PROBLEM DETAILS:
A word-for-word copy of the records is needed, with every picture left out.

·····

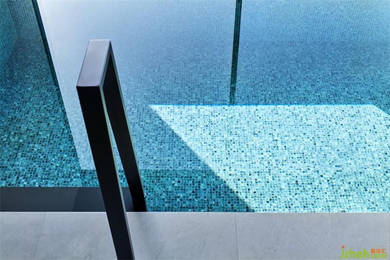 泳池随阳台顺延而出,恰如精致的璞玉,深灰色马赛克的独特纹理,静谧的倒影,度假居所设计让宁静和清凉沁人心脾。碧绿的蓝天连接着透亮的水波,私家独享畅游其中,无比自由惬意。
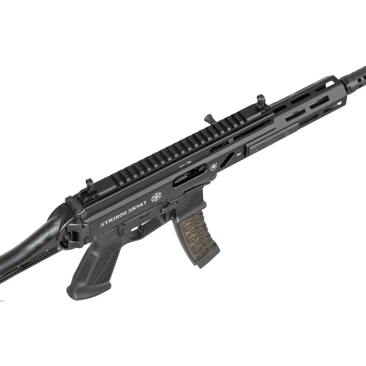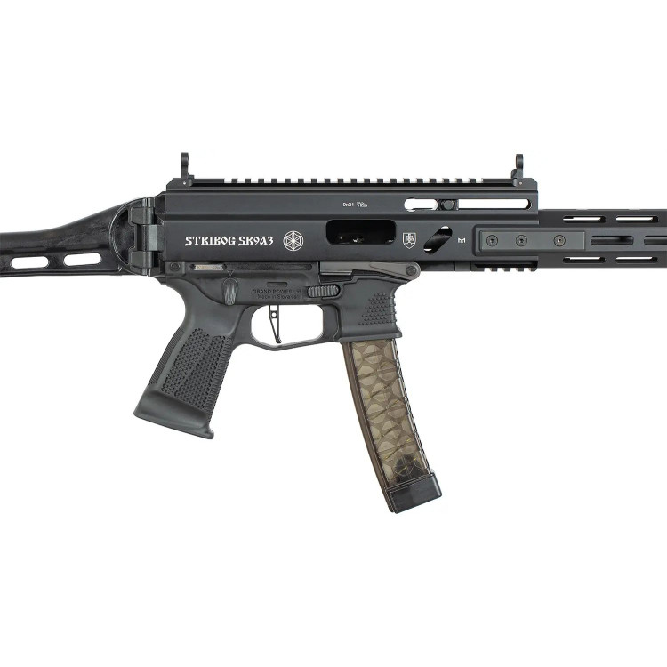 Карабин Grand Power Stribog SR9A3 создан под патрон 9х21. Модель развивает концепцию предшественников, сохраняя их эксплуатационную прочность. Конструкция интегрирует ряд новых технических решений, направленных на модернизацию основных узлов.Ствольная группа имеет длину 25.4 см. На дульной части установлен компенсатор, снижающий энергию отдачи. Это положительно влияет на стабильность удержания при серийной стрельбе.Затворный узел функционирует по схеме полусвободного затвора. В его механизм интегрирован передаточный ролик и затворная задержка. Рукоятка заряжания фиксируется в переднем положении во время ведения огня, что повышает безопасность эксплуатации.Цевье оборудовано интерфейсом M-LOK для монтажа дополнительного снаряжения. Верхняя часть автомата содержит полноразмерную планку Пикатинни. На нее возможна установка нескольких типов оптических и коллиматорных прицелов.Нижний сектор цевья включает короткую секцию Пикатинни. Это место предназначено для крепления тактических фонарей или лазерных целеуказателей. Подобная оснастка критически важна при работе в сумерках или внутри помещений.Органы управления огнем выполнены полностью двусторонними. Данная конструктивная черта дает равный уровень эргономики для стрелков с ведущей правой или левой рукой. Приклад обладает функцией складывания.В сложенном состоянии приклада автоматически активируется блокировка ударно-спускового механизма. Штатные прицельные приспособления – мушка и целик – являются складными. Пистолетная рукоятка формирует удобный и надежный захват.- Отзывы
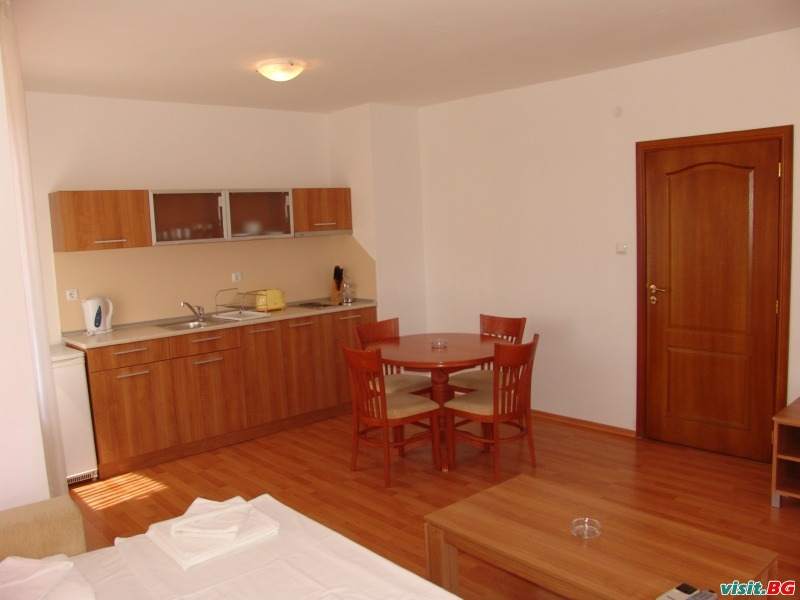 и скрин. Дневната е оборудвана с двоен разтегателен диван, маса за хранене и столове, кухненски кът
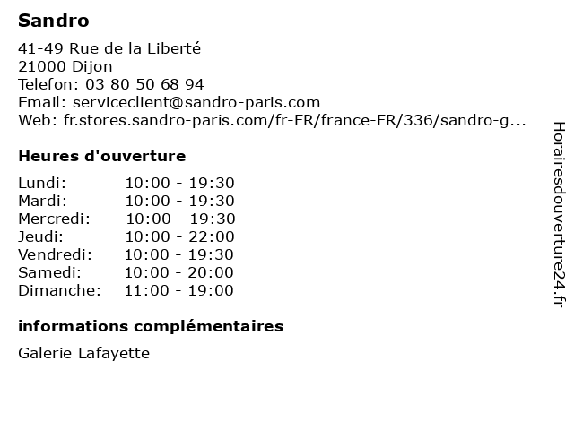 1 Sandro Homme (Distance: 0,01 km) 41-49 Rue de la Liberté, 21000 Dijon accessoires, chaussures, femme, homme, mode, sandro 2 Balibaris (Distance: 0,00 km) 41-49 rue de la Liberté, 21000 Dijon accessoires, balibaris, habillement, mode, vetement 3 Comptoir des Cotonniers (Distance: 0,00 km) 41/42 Rue de la Liberté, 21000 Dijon accessoires, chaussures, comptoir, cotonniers, des, mode femme 4 Catimini (Distance: 0,00 km) 41 rue de la Liberté, 21000 Dijon accessoires, catimini, enfants, filles, garçons, habillement, mode, pret à porter, vêtements 5 Maison 123 (Distance: 0,00 km) 41 Rue Liberté, 21000 Dijon 123, accessoires, chaussures, maison, maroquinerie, mode 6 Claudie Pierlot (Distance: 0,00 km) 41 Rue Liberté, 21000 Dijon accessoires, claudie, mode, pierlot, prêt-à-porter, vêtements |
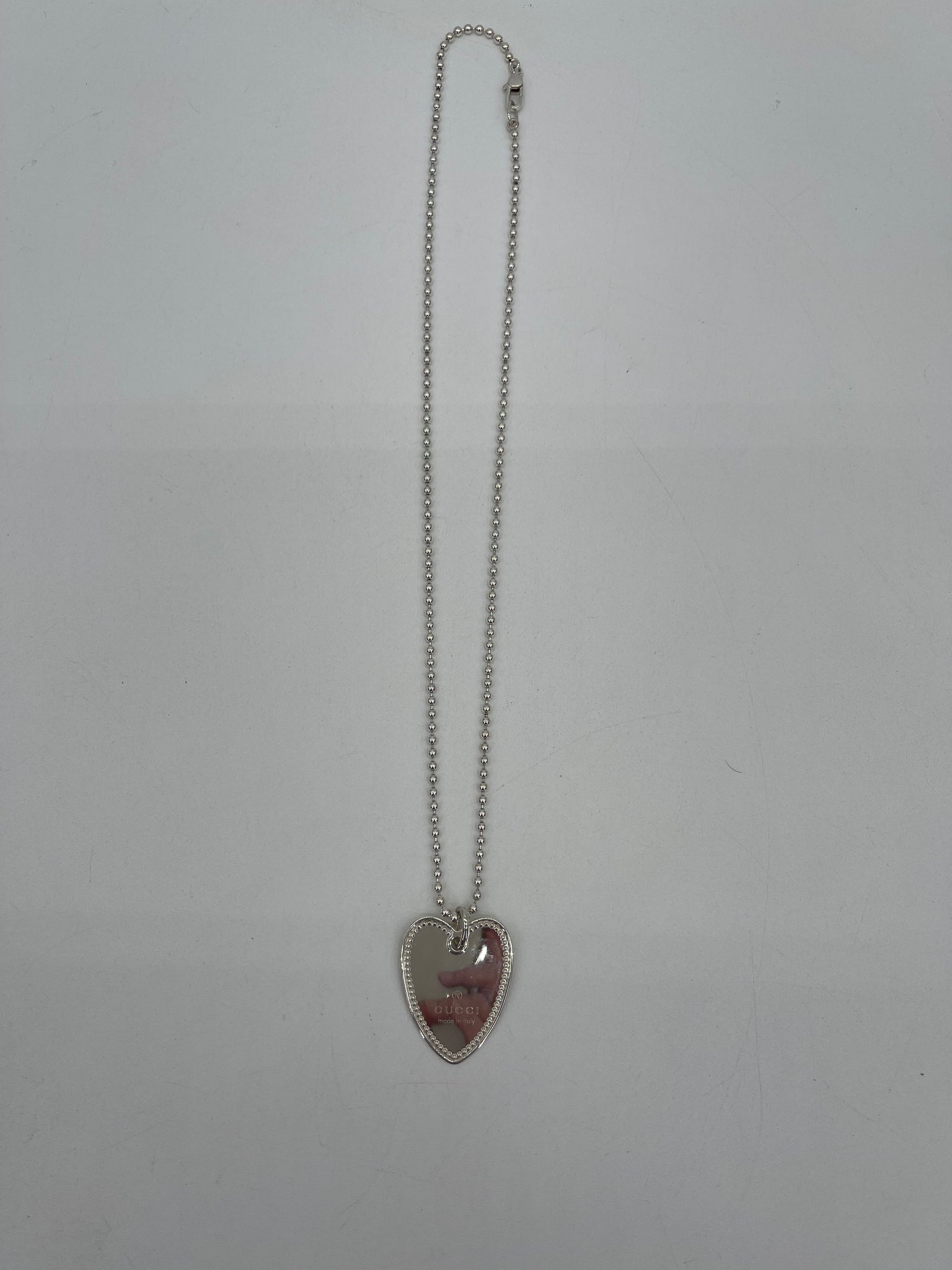 Preloved Gucci Silver Heart Pendant Necklace. Introducing the Gucci brand necklace, this 925 silver model is designed for both women and men. This item remains a symbol of style and quality, perfect for complementing any outfit with understated, subtle elegance.
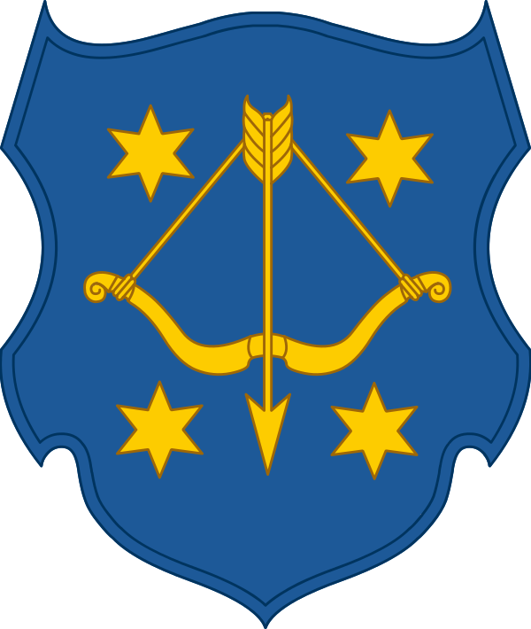 - Лук со стрелой и звезды — элементы, которые входили в гербы Полтавы, Пирятина, указывают на историческую роль края в обороне родных земель, а также на город Полтава, как административный центр области.
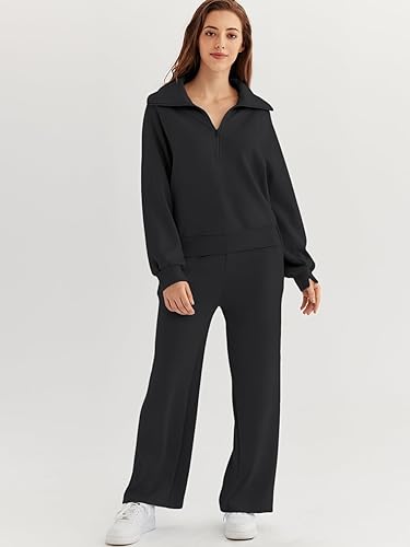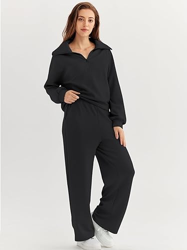 Women’s 2 Piece Sweatsuits Loungewear Sets offer the perfect blend of style, comfort, and versatility for your everyday wardrobe. With a quarter-zip pullover sweatshirt and wide-leg sweatpants, this loungewear set is designed to keep you cozy and fashionable in any situation. Let’s explore the key features and benefits of this chic and comfortable outfit.
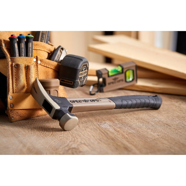 An indisputable choice for electricians, woodworkers, remodelers, and contractors, this Spec Ops 20 oz. Smooth Face Rip Claw Fiberglass Hammer is lightweight with optimum vibration reduction; the handle is constructed with fiberglass and a camo-textured, MOA grip that absorbs shock and lessens sting. With a lighter, high-carbon steel head and a ballistically balanced design, this hammer provides rapid, sniper-controlled swings and hard-hitting power for on-target nail driving. To help you work safer and more precisely, this hammer features a lanyard hole for compatibility with SRS Safety Retention Systems, a smooth-face for damage-free nail driving, and a curved claw for ultimate leverage during nail removal. And with a guarantee to deliver a lifetime of mission capability on the worlds toughest job sites, this hammer is forged with heat-treated, high carbon steel and drop tested at 100 feet to surpass MIL-SPEC standard. We support our nations heroes by donating 3% of proceeds to veteran and first responder causes.
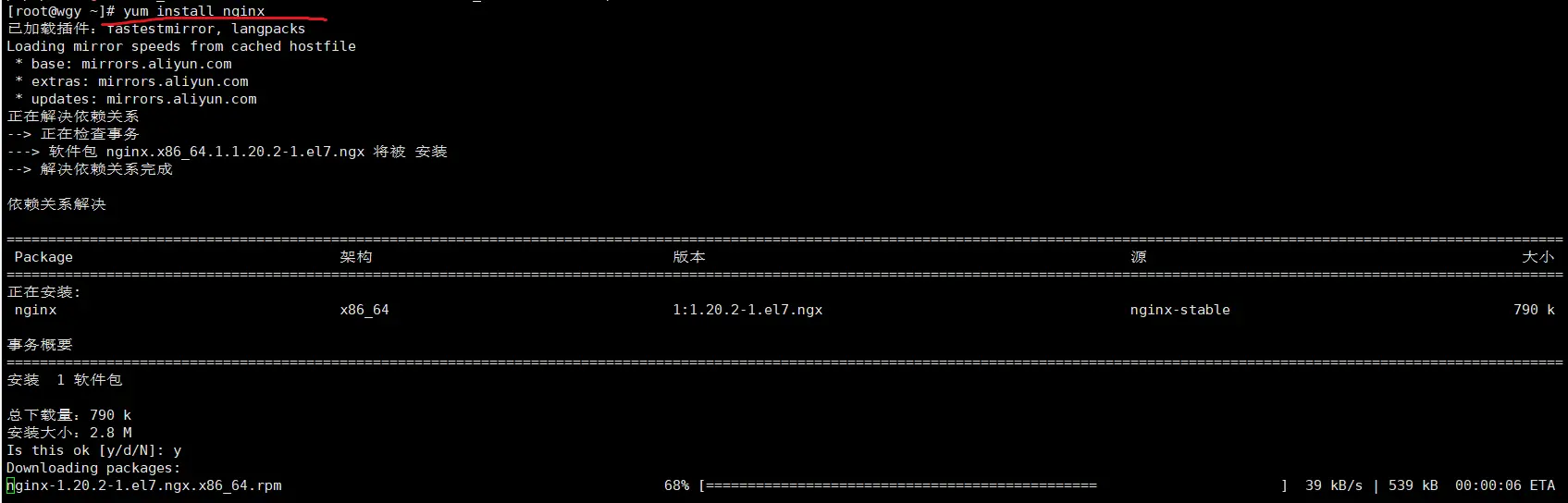 然后,我们就可以通过nginx的yum源仓库,去安装Nginx了;
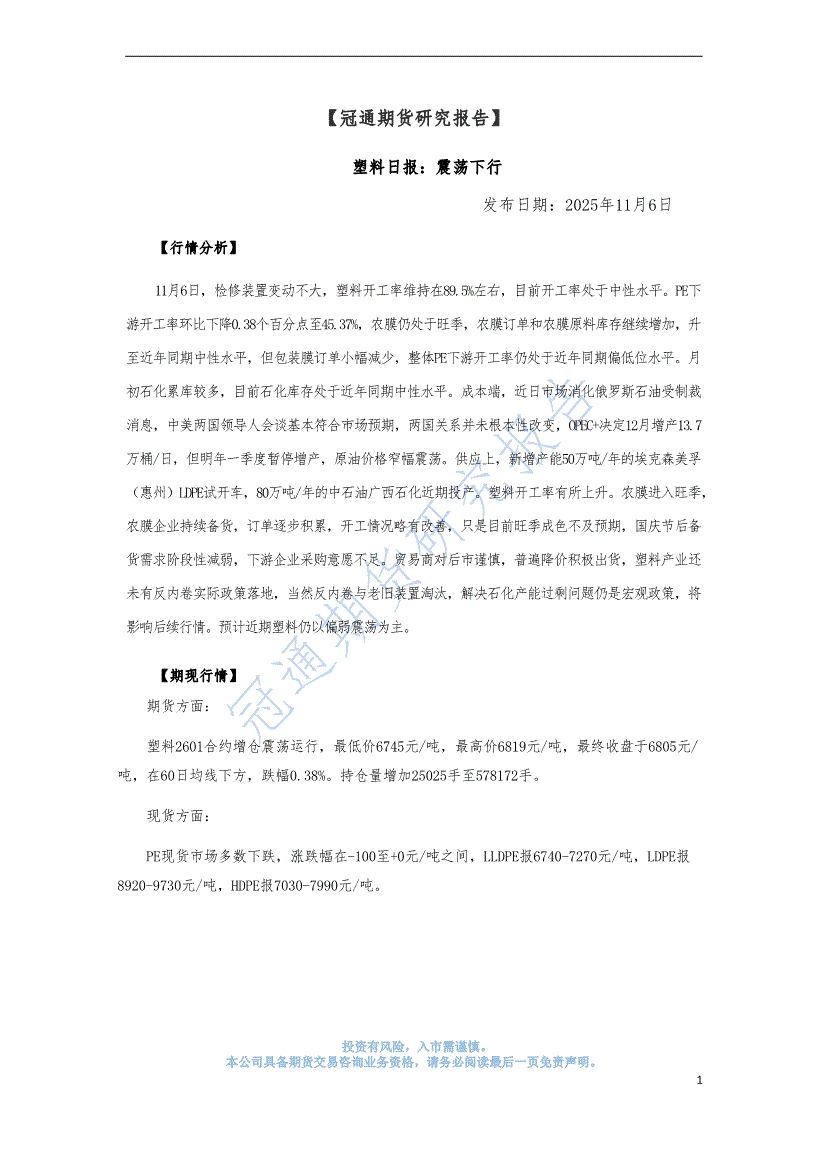 冠通期货-塑料日报:震荡下行-251106

·····

EXERCISE RESULT:
 泳池随阳台顺延而出,恰如精致的璞玉,深灰色马赛克的独特纹理,静谧的倒影,度假居所设计让宁静和清凉沁人心脾。碧绿的蓝天连接着透亮的水波,私家独享畅游其中,无比自由惬意。
 Карабин Grand Power Stribog SR9A3 создан под патрон 9х21. Модель развивает концепцию предшественников, сохраняя их эксплуатационную прочность. Конструкция интегрирует ряд новых технических решений, направленных на модернизацию основных узлов.Ствольная группа имеет длину 25.4 см. На дульной части установлен компенсатор, снижающий энергию отдачи. Это положительно влияет на стабильность удержания при серийной стрельбе.Затворный узел функционирует по схеме полусвободного затвора. В его механизм интегрирован передаточный ролик и затворная задержка. Рукоятка заряжания фиксируется в переднем положении во время ведения огня, что повышает безопасность эксплуатации.Цевье оборудовано интерфейсом M-LOK для монтажа дополнительного снаряжения. Верхняя часть автомата содержит полноразмерную планку Пикатинни. На нее возможна установка нескольких типов оптических и коллиматорных прицелов.Нижний сектор цевья включает короткую секцию Пикатинни. Это место предназначено для крепления тактических фонарей или лазерных целеуказателей. Подобная оснастка критически важна при работе в сумерках или внутри помещений.Органы управления огнем выполнены полностью двусторонними. Данная конструктивная черта дает равный уровень эргономики для стрелков с ведущей правой или левой рукой. Приклад обладает функцией складывания.В сложенном состоянии приклада автоматически активируется блокировка ударно-спускового механизма. Штатные прицельные приспособления – мушка и целик – являются складными. Пистолетная рукоятка формирует удобный и надежный захват.- Отзывы
 и скрин. Дневната е оборудвана с двоен разтегателен диван, маса за хранене и столове, кухненски кът
 1 Sandro Homme (Distance: 0,01 km) 41-49 Rue de la Liberté, 21000 Dijon accessoires, chaussures, femme, homme, mode, sandro 2 Balibaris (Distance: 0,00 km) 41-49 rue de la Liberté, 21000 Dijon accessoires, balibaris, habillement, mode, vetement 3 Comptoir des Cotonniers (Distance: 0,00 km) 41/42 Rue de la Liberté, 21000 Dijon accessoires, chaussures, comptoir, cotonniers, des, mode femme 4 Catimini (Distance: 0,00 km) 41 rue de la Liberté, 21000 Dijon accessoires, catimini, enfants, filles, garçons, habillement, mode, pret à porter, vêtements 5 Maison 123 (Distance: 0,00 km) 41 Rue Liberté, 21000 Dijon 123, accessoires, chaussures, maison, maroquinerie, mode 6 Claudie Pierlot (Distance: 0,00 km) 41 Rue Liberté, 21000 Dijon accessoires, claudie, mode, pierlot, prêt-à-porter, vêtements |
 Preloved Gucci Silver Heart Pendant Necklace. Introducing the Gucci brand necklace, this 925 silver model is designed for both women and men. This item remains a symbol of style and quality, perfect for complementing any outfit with understated, subtle elegance.
 - Лук со стрелой и звезды — элементы, которые входили в гербы Полтавы, Пирятина, указывают на историческую роль края в обороне родных земель, а также на город Полтава, как административный центр области.
 Women’s 2 Piece Sweatsuits Loungewear Sets offer the perfect blend of style, comfort, and versatility for your everyday wardrobe. With a quarter-zip pullover sweatshirt and wide-leg sweatpants, this loungewear set is designed to keep you cozy and fashionable in any situation. Let’s explore the key features and benefits of this chic and comfortable outfit.
 An indisputable choice for electricians, woodworkers, remodelers, and contractors, this Spec Ops 20 oz. Smooth Face Rip Claw Fiberglass Hammer is lightweight with optimum vibration reduction; the handle is constructed with fiberglass and a camo-textured, MOA grip that absorbs shock and lessens sting. With a lighter, high-carbon steel head and a ballistically balanced design, this hammer provides rapid, sniper-controlled swings and hard-hitting power for on-target nail driving. To help you work safer and more precisely, this hammer features a lanyard hole for compatibility with SRS Safety Retention Systems, a smooth-face for damage-free nail driving, and a curved claw for ultimate leverage during nail removal. And with a guarantee to deliver a lifetime of mission capability on the worlds toughest job sites, this hammer is forged with heat-treated, high carbon steel and drop tested at 100 feet to surpass MIL-SPEC standard. We support our nations heroes by donating 3% of proceeds to veteran and first responder causes.
 然后,我们就可以通过nginx的yum源仓库,去安装Nginx了;
 冠通期货-塑料日报:震荡下行-251106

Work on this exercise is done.